Она просыпалась и движениями своими напоминала кошку. Он с жадностью впитывал это зрелище, наблюдая за плавными движениями ее рук и ног, любуясь долгими ленивыми потягиваниями, тем, как она по-кошачьи выгибает спину. Тихое мурлыканье предшествовало трепету черных ресниц. Открыв глаза, она улыбнулась, приподнялась и коснулась поцелуем его таких сладких губ.
Его жизнь изменилась навсегда. Не имело значения, чем все это закончится, с ним навсегда останутся ощущения, которые она ему подарила. В какой именно момент он влюбился? А ведь дал себе клятву, что никогда этого не сделает.
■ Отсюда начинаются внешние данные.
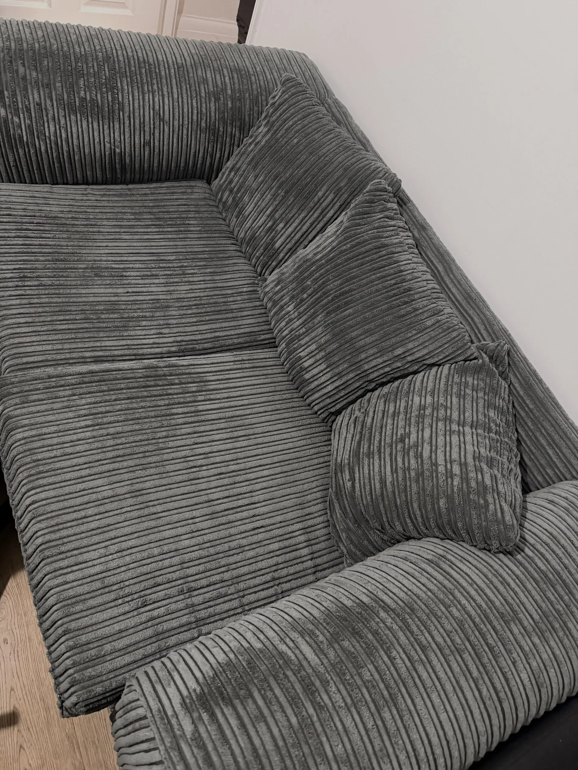 Grey fabric sofa in excellent condition, very clean and well maintained. Super comfortable with soft, supportive cushions and a modern, neutral design that suits most living rooms.

Достаточно было одной только минуты. Секунды. Одного мгновения. Так не похоже это на все то, что он чувствовал прежде. Боль и гнев, которые он носил в себе со времен Вьетнама, отодвинулись в темные закоулки сердца, заполненного ею.
Он великолепен. Его обнаженное тело было твердым, узловатые мускулы, подрагивали, перекатываясь под ее ладонями. Маккензи улеглась на него сверху; прохладный утренний воздух щекотал ее обнаженное тело и смешивался с нарастающим жаром страсти.
Она потянулась к нему, чтобы встретить его губы и дать ему понять, как он стал ей дорог. Осознание этого пронзило ее, словно удар молнии из грозовой тучи, и она его приняла, и это придало ей сил.
Его руки крепко обняли ее. Ее губы скользили по его шее, по плечам.
Свет солнца становился все ярче, он вливался сквозь щели, зажигая в ее глазах искры.
— Доброе утро, — прошептал он прямо в ее жадные губы.
Она ответила ему улыбкой.
Он почувствовал дрожь в теле. Она села на него верхом, и он взял ее за руки. Поднес к губам одну, потом вторую руку, целуя их. Хотя оба были покрыты синяками и ссадинами, слияние их тел приносило облегчение.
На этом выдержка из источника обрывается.